Earlier today, I mentioned in a post on this weekend’s sweep of Toronto that I would address the Yankees’ sterling pitching thus far this season. In truth, though, the Yankee pitchers should be grouped into three categories: starters, relief pitchers, and Mariano. Starting today, I’ll take each group in turn, working backwards from the ninth inning. That means we begin with closer Mariano Rivera, and his historically good month.

Roughly 360 days ago, Mariano tore the ACL and meniscus in his right leg (the leg he pushes off of on every pitch). The typical recovery time for that injury is 9-12 months for a healthy athlete in his prime. Mo turned 43 in November, a year older than Trevor Hoffman was when his command and velocity failed him — and Hoffman didn’t rip up his knee. But there was Mariano in spring training mowing down hitters, and deep down I knew, like in-my-bones knew, that he was still himself.
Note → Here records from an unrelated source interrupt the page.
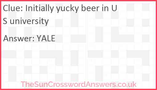 Initially yucky beer in US university is a crossword clue for which we have 1 possible answer and we have spotted 2 times in our database. This crossword clue was last seen on 10 October 2023 in The Sun Cryptic Crossword puzzle!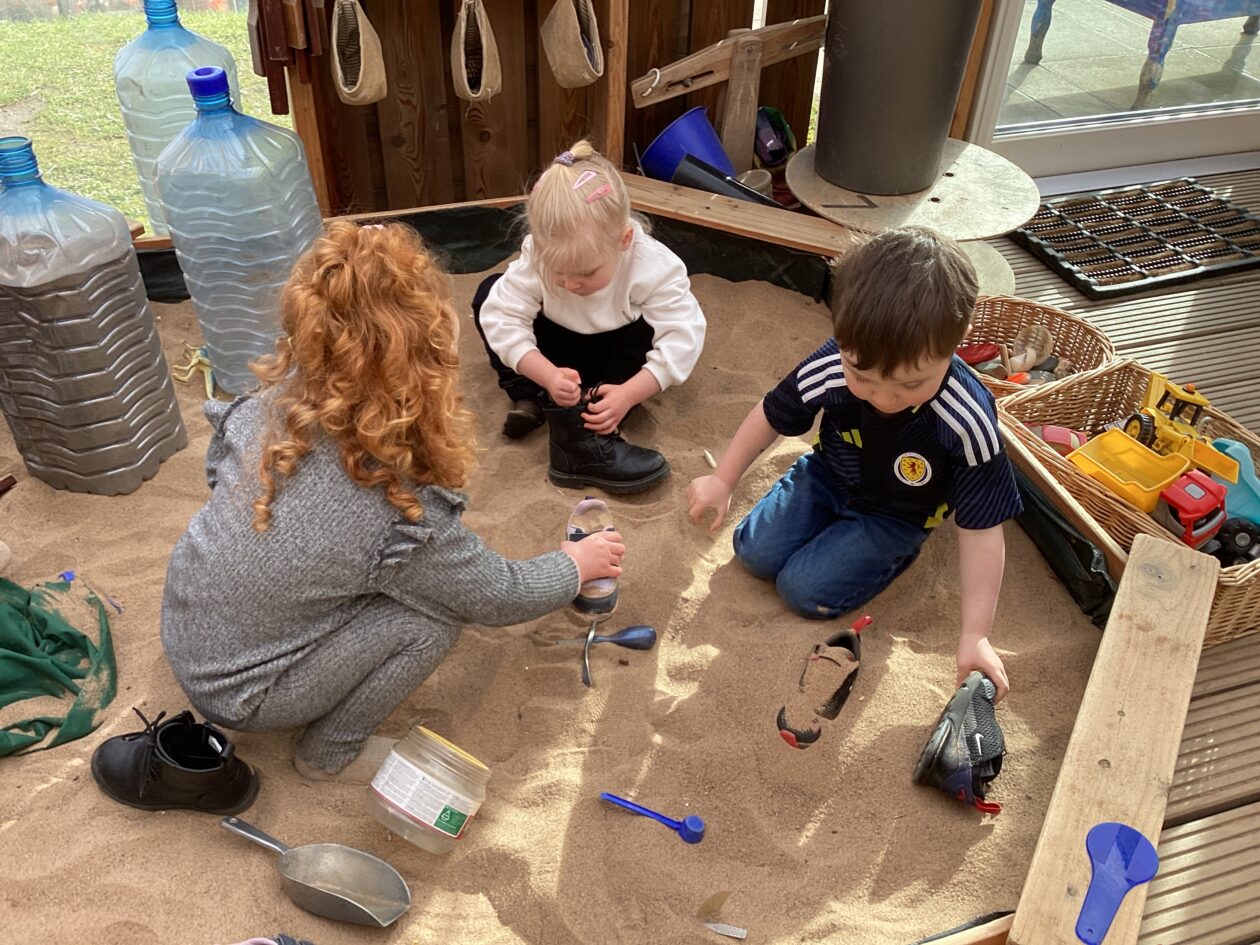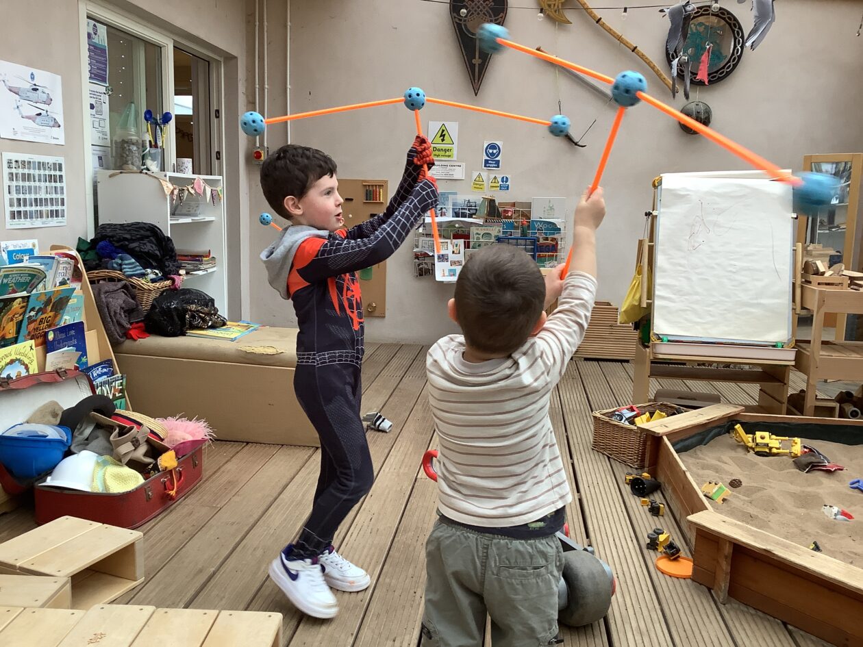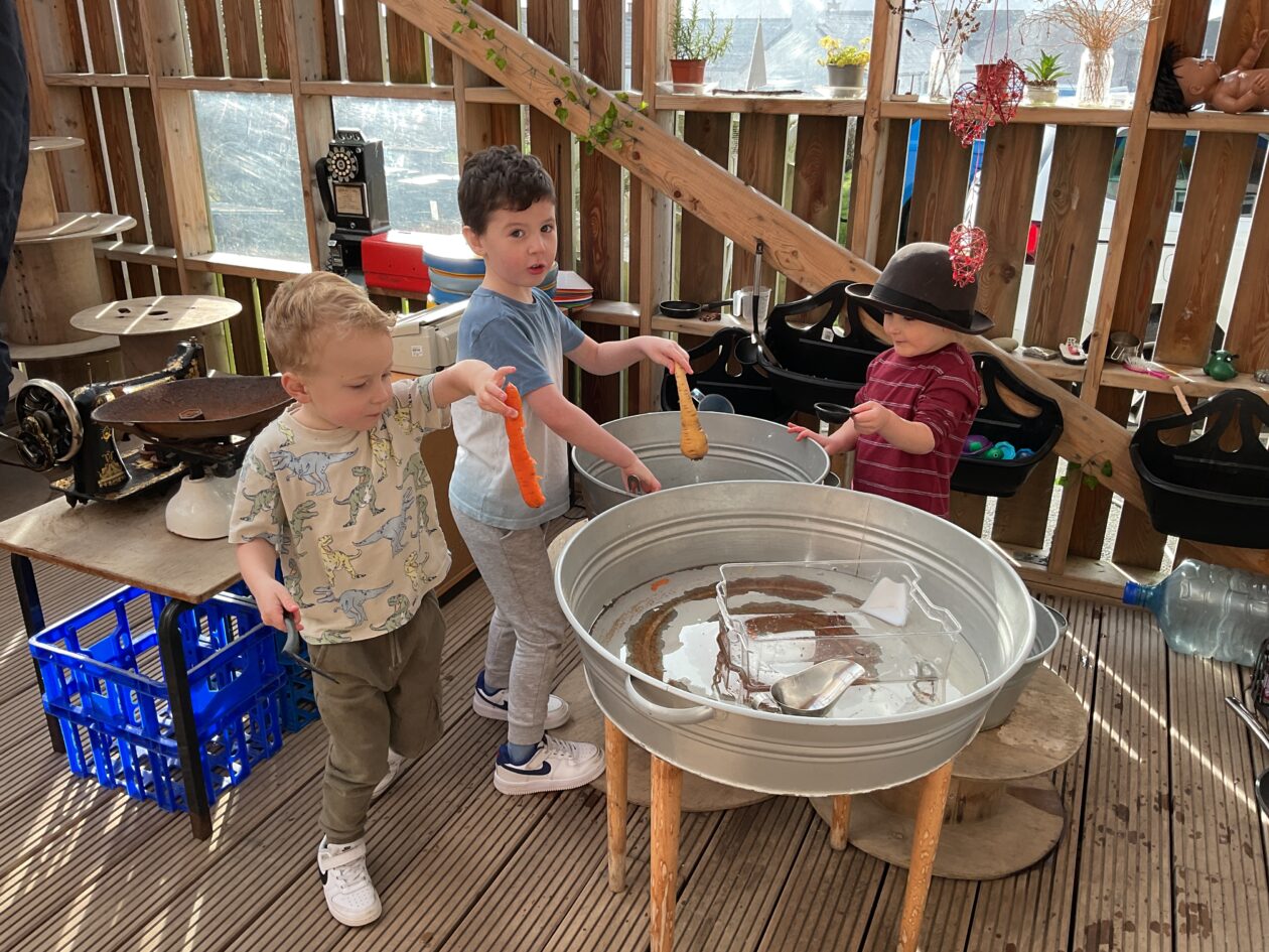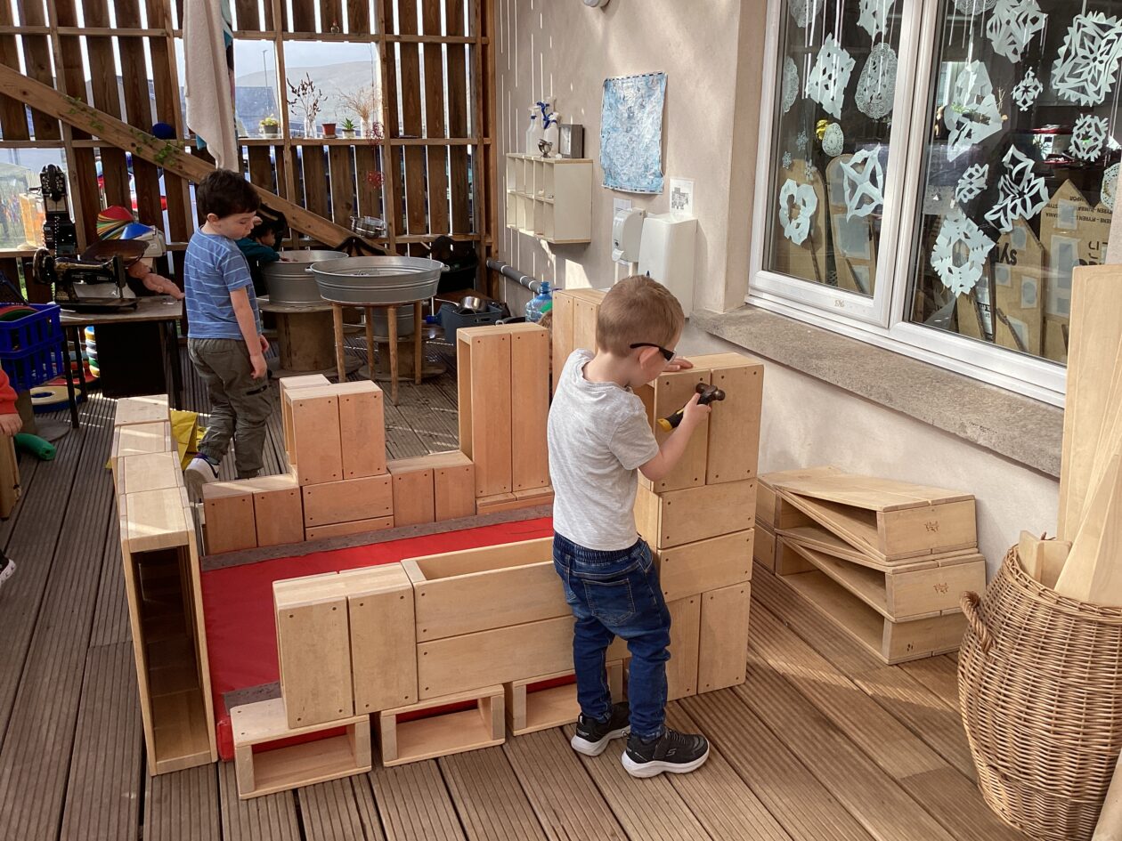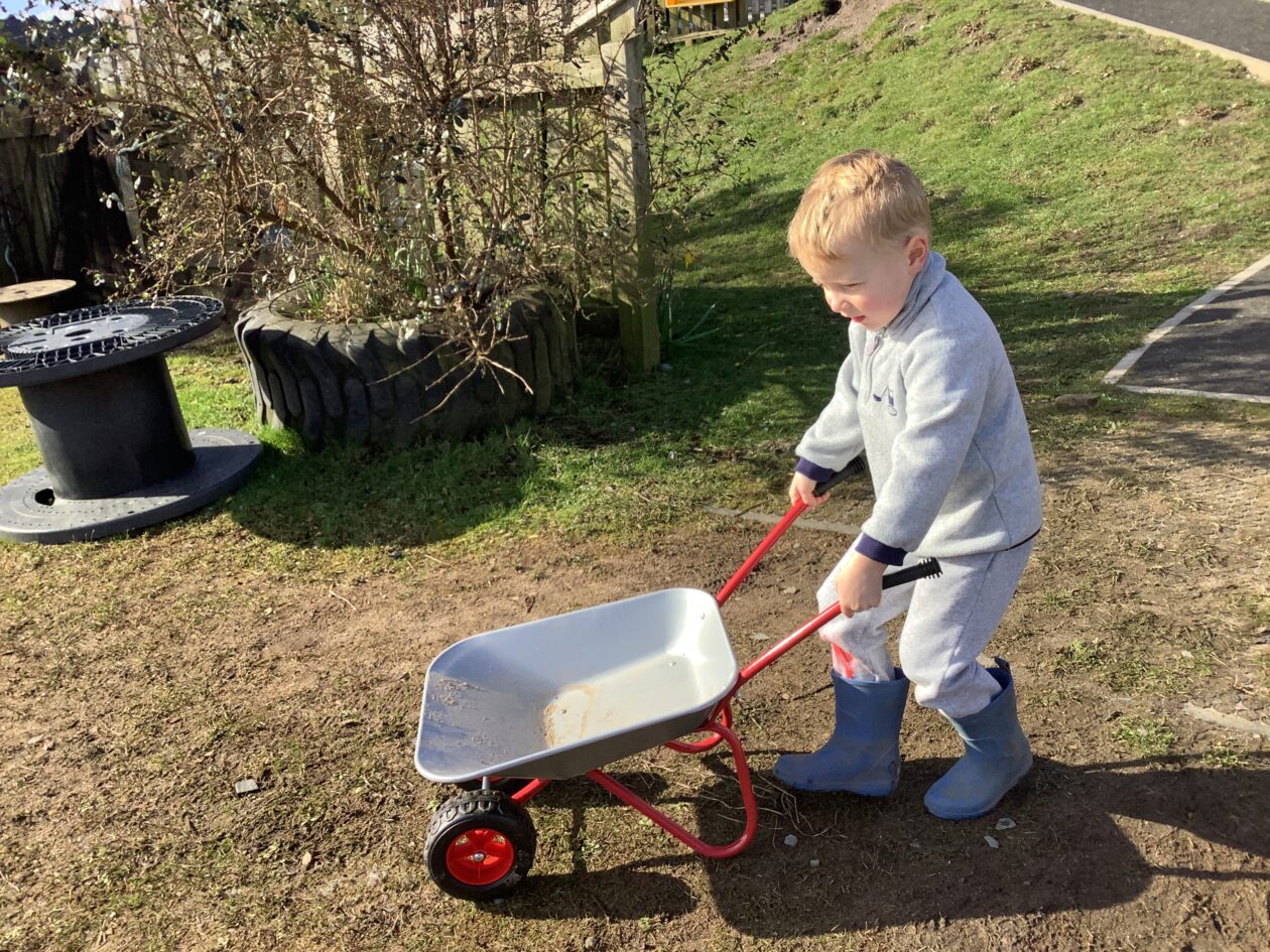 The outdoor room is always a popular choice and a great place to observe schemas (a repeated action used to explore and test theories in play). The bairns have used positioning, transporting, trajectory, enveloping, rotation and enclosure schemas in their play this week. They made paper aeroplanes and then built a platform to launch their planes from, watching how far they flew. They have also been engaged in imaginative play using the large hollow blocks and cable drums as fishing boats. “He is da een dat goes in da water. He is da fishing een and I’m da Captain.”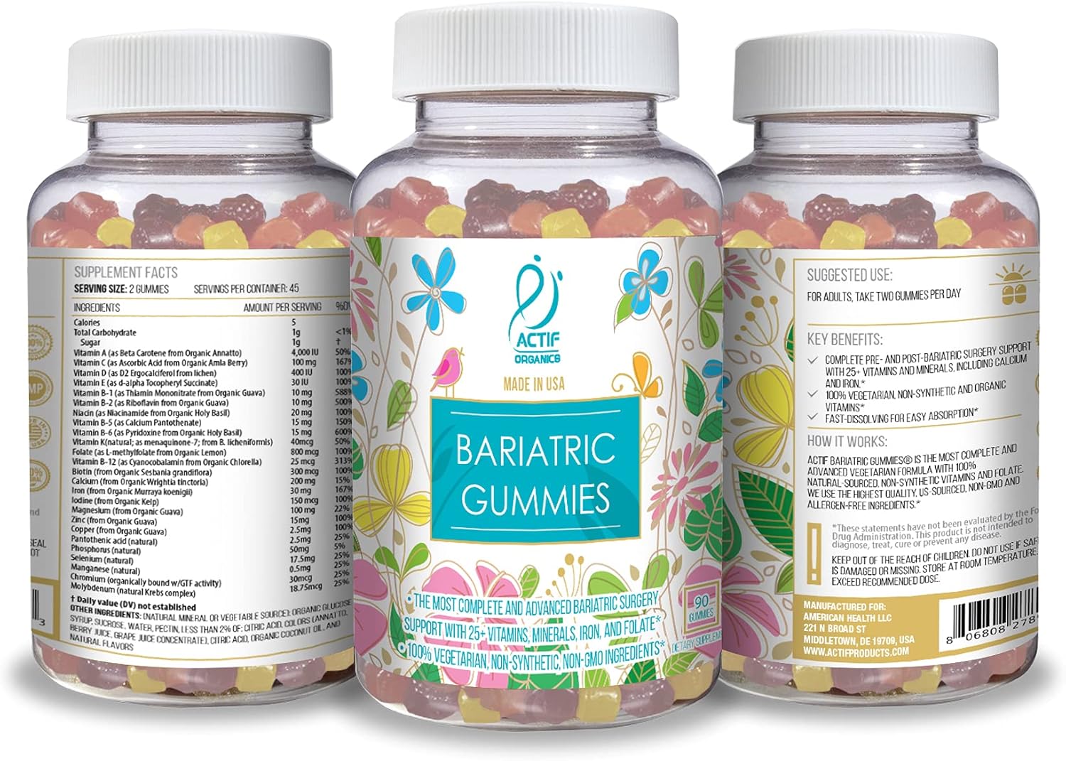 Actif Organic Bariatric Gummies With 25+ Organic Vitamins And Minerals For Bariatric Surgery, Advanced Formula - 90 Count

A month later, Mariano has his all-time record for saves in a calendar month (nine), a 10:1 strikeout-to-walk ratio, a 1.80 ERA and the beginnings of a legendary goodbye tour. Unbelievably — or in Mo’s case, believably — he has been as inexorable at 43 as he was at 33, if not more so. Check out the log of his 10 appearances this year. Each time he’s thrown exactly one inning. He’s thrown more than 20 pitches only three times. He has allowed two meaningless runs in games he ended up saving. He’s allowed three extra-base hits — two doubles and an Evan Longoria home run. Of his 145 pitches so far this season, 99 have been strikes. I could go on, but do I really need to?

If anything, Mo has gotten better as the month has gone on. His cutter velocity in his first couple appearances was topping out at 89-90 mph, but in his save over Toronto on Sunday he was regularly hitting 91-92 mph with the cutter. A difference of just two miles per hour on a pitch may seem negligible, but for Mo it’s the difference between solid contact and a broken bat, or between a broken bat and a strikeout.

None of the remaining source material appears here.